Despite the trial court's refusal to certify its order for immediate review, defendants filed a notice of appeal, asserting an immediate right of appeal from the district court's denial of their motion for summary judgment raising the defense of qualified immunity. Defendants based this assertion on Mitchell v. Forsyth, in which the Supreme Court held that a denial of qualified immunity on a Section 1983 claim is final and appealable under the collateral order doctrine. 472 U.S. at 530, 105 S.Ct. at 2817. Defendants now make two arguments on appeal: First, that New Mexico should recognize a pretrial right of appeal from a district court's denial of a public official's motion for summary judgment seeking qualified immunity from a Section 1983 claim; second, that the trial court erred in refusing to grant them qualified immunity. Defendants enlarge on their second argument by claiming that, in April 1988 when they refused to rehire plaintiff, she did not have a clearly established right to continuation of her employment even though it was terminated (a) because of her speech at the March 1987 meeting and (b) without according her any procedural due process.

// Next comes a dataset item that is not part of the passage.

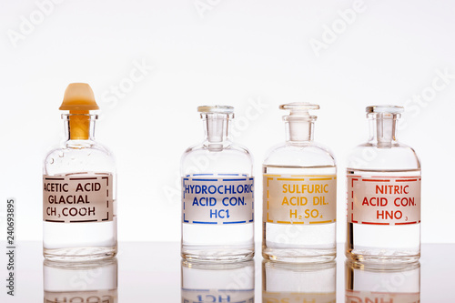 The three common inorganic acids and the most common organic acid used in chemistry: hydrochloric, sulfuric, nitric and acetic.

Before turning to these arguments, we pause to note that plaintiff has

Page 135

[114 N.M. 612] essentially abandoned her due-process claim on this appeal. At oral argument, her counsel in effect conceded that the law in April 1988 did not clearly establish that plaintiff had a right to continued employment that could only be terminated by affording her certain minimal due-process protections. In initially arguing that she had such a right, plaintiff relied in large part on Kestenbaum v. Pennzoil Co., 108 N.M. 20, 766 P.2d 280 (1988), cert. denied, 490 U.S. 1109, 109 S.Ct. 3163, 104 L.Ed.2d 1026 (1989), which most assuredly is one of the leading cases in New Mexico establishing that an implied employment contract may be found from the "totality of the parties' relationship," including the employer's past conduct and dealings with employees. Id. at 26, 766 P.2d at 286. However, Kestenbaum was not decided until seven months after April 1988, and in any event involved the conduct of a private employer, not a governmental entity. Contracts...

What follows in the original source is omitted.